FWIW the latest-gen consoles supposedly have memory bandwidth in the hundreds of GB/s. The PS5 supposedly reaches 448GB/s, and the XBX 336 to 560 depending on the memory segment.

redisman · on Nov 17, 2020

It's the year of system-on-chip. It does show great improvements at the trade-off cost of no expansions possible once the chip is made.

masklinn · on Nov 17, 2020

None of these systems seem to have on-die memory. Not sure about the XBS, but from the official teardown the PS5 doesn't even use on-package memory: https://www.gamereactor.eu/media/87/_3278703.png

And Apple certainly didn't wait for SoC to use soldered memory.

wmf · on Nov 17, 2020

Tiger Lake appears to have the same bandwidth at the chip level but AnandTech is using inconsistent methodology so it's not clear.

sfblah · on Nov 17, 2020

Isn't that just because all the memory is on the CPU?

zerkten · on Nov 17, 2020

Yes, but as other threads commented, this is not particularly new. It's similar to how games consoles have been designed.

It's a natural evolution, especially when MacBook Airs and the ilk are not really user upgradeable in the Intel form anyway. It's much harder for regular PCs to make this leap because one party doesn't have as much control.

masklinn · on Nov 17, 2020

> They call it 'Unified Memory'. It makes a lot of sense but I don't know if they are going to be able to pack enough memory in there.

Unified memory and on-die (or in-package) memory are different thing, and while the latter simplifies the former they're mostly orthogonal.

Unified memory means the physical and logical memory space is directly accessible by both CPU and GPU, at the same time, in their entirety: https://en.wikipedia.org/wiki/Heterogeneous_System_Architect...

pwinnski · on Nov 17, 2020

Putting the memory into the SoC seems to be a lot of how they're getting this amazing performance: the memory bus is now twice as wide as anything else.

But yes, it means that Apple is going to have to either really start jamming more and more into there, or develop a two-tiered approach to memory where slower "external" RAM can supplement the faster "internal" RAM.

wmf · on Nov 17, 2020

The memory bus is now the same width as every other laptop.

kemiller · on Nov 17, 2020

My guess is that they are releasing the M1 right now because it's the smallest SoC they're going to make and its yields are just barely enough to be viable. Once they get better yields on the 5nm process, they will start making the larger, more yield-sensitive SoCs with more RAM in them.

zeusk · on Nov 17, 2020

The ram is not on the same chip/die as M1, it's another chip that's put in the same package.

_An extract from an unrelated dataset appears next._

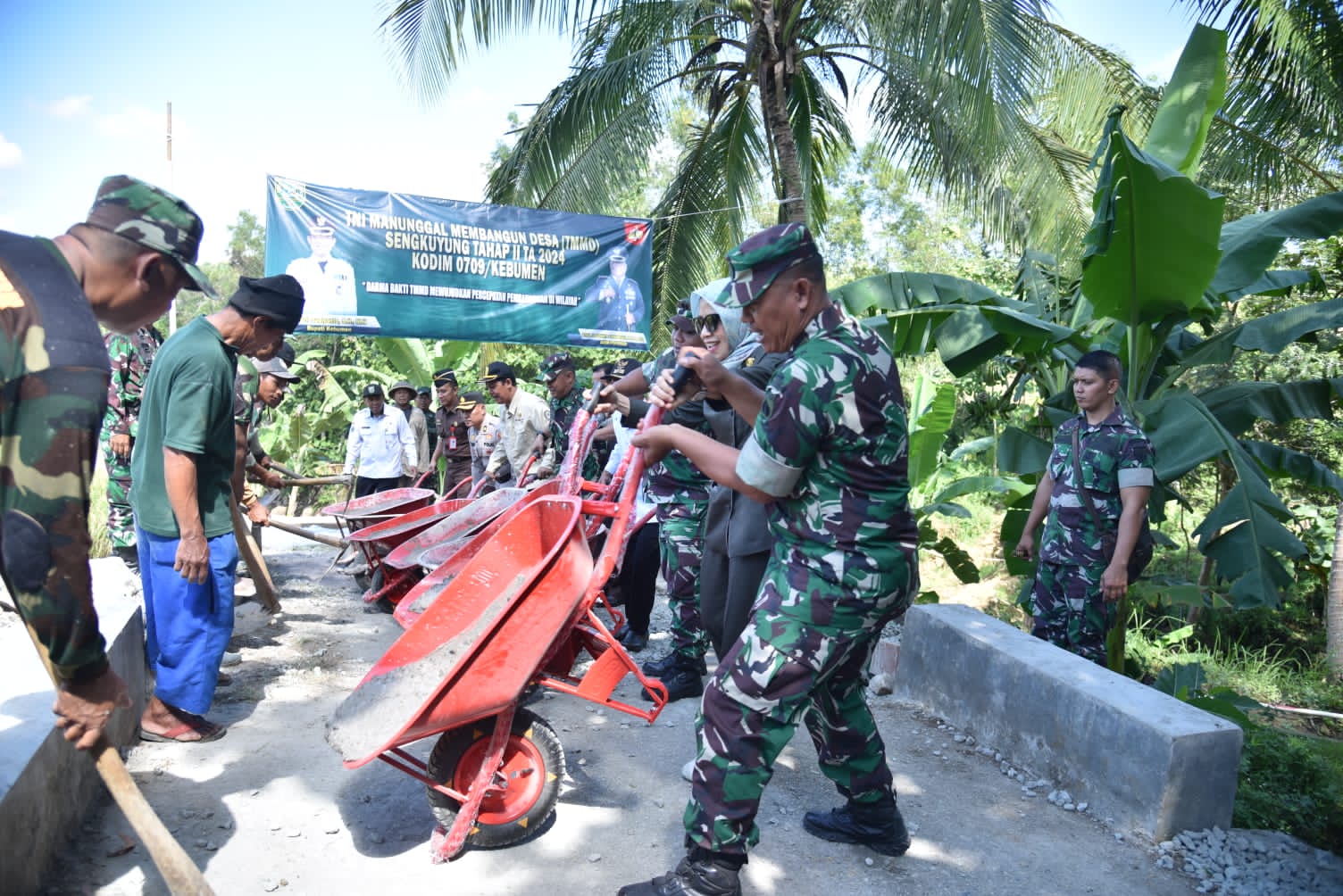 KEBUMEN, Kebumen24.com – Untuk membantu masyarakat dalam Meningkatkan produktifitas pertanian, ratusan personil anggota TNI bergotong royong membangun jalan rabat beton sepanjang 750 meter. Jalur yang sebelumnya rusak berat dan sulit dilalui warga, sehingga distribusi pertanian tersendat.

Increasing RAM will not affect apple's yields at all since the RAM dies are not made by apple and are not 5nm

kemiller · on Nov 17, 2020

Oh, I see. It's still nevertheless likely that stronger chip packages will be bundled with more RAM.

jeffbee · on Nov 17, 2020

I don't think that makes any sense, considering that the RAM is not on the same die as the processor. It's on the module, yes, but they're not making it on the same process.

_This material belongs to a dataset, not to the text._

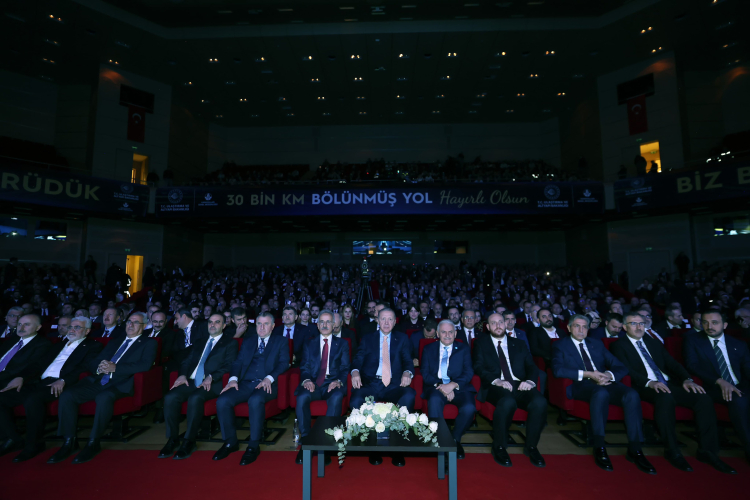 Erdoğan konuşmasının devamında yol güvenliği ve insan hayatının önemine dikkat çekerek, "Yol kusurundan kaynaklanan kaza oranını neredeyse sıfıra indirdik. İşte bunun değeri, maliyeti, kazancı parayla ölçülemez. Önüne geçilen her kaza, kurtarılan her hayat bizim için dünyalara bedeldir. Milletimizin şöyle yüreğinden koparak ettiği 'Allah razı olsun' duası her türlü makamın, rütbenin katbekat üstündedir." şeklinde konuştu. Konuşmaların ardından 30 bininci kilometreyi simgeleyen kurdele kesimi gerçekleştirildi. Törenin bu bölümünde de sahnede yer alan Büyükgümüş ve Akyol, ulaşım hamlesinin gururunu protokol üyeleriyle birlikte paylaştı.

I realize this image is a schematic representation rather than an actual photograph, but here it is.

https://www.apple.com/v/mac/m1/a/images/overview/chip__fffqz...

psds2 · on Nov 17, 2020

The point being made is that the processors that they will package with more memory are going to exist on larger dies. When you increase die size you decrease yield so you need to have a mature process.

scottlamb · on Nov 17, 2020

> The point being made is that the processors that they will package with more memory are going to exist on larger dies.

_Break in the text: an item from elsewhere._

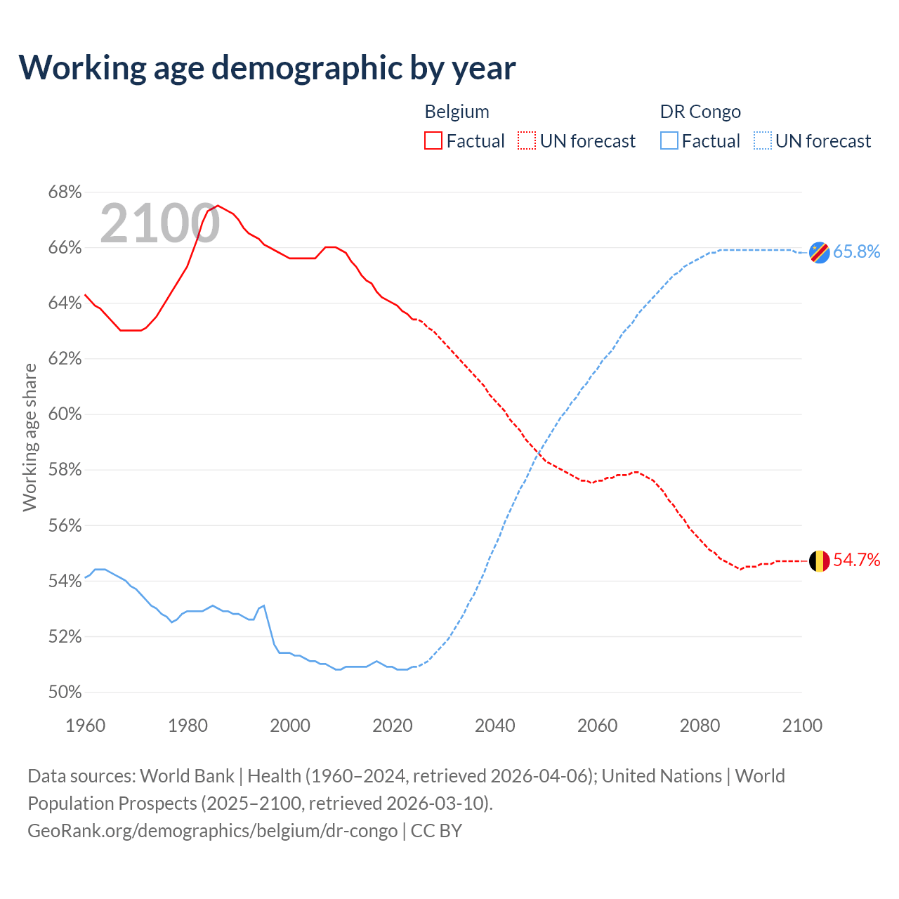 - Belgium has 7.55M working age adults (aged 15-64) vs 59.8M in the DR Congo.

Are they? I don't think this is how AMD does things—all their desktop and Threadripper processors are constructed out of 8-core chiplets. The higher-core count processors just use more chiplets per package, not necessarily larger dies. If Apple's already putting multiple chiplets on one package (core + RAM), I wonder if they'll use the same approach to scaling.

jeffbee · on Nov 17, 2020

Why does that follow? 4 cores and 32GB makes fine sense.

psds2 · on Nov 17, 2020

But why would you offer your i3 with 32GB when you know you are going to make i5 and i7 processors soon? Apple could offer 32GB here but choose to not offer every configuration at every level.

zeusk · on Nov 17, 2020

It's actually 8 core, 4 big (Fire) and 4 small (Ice)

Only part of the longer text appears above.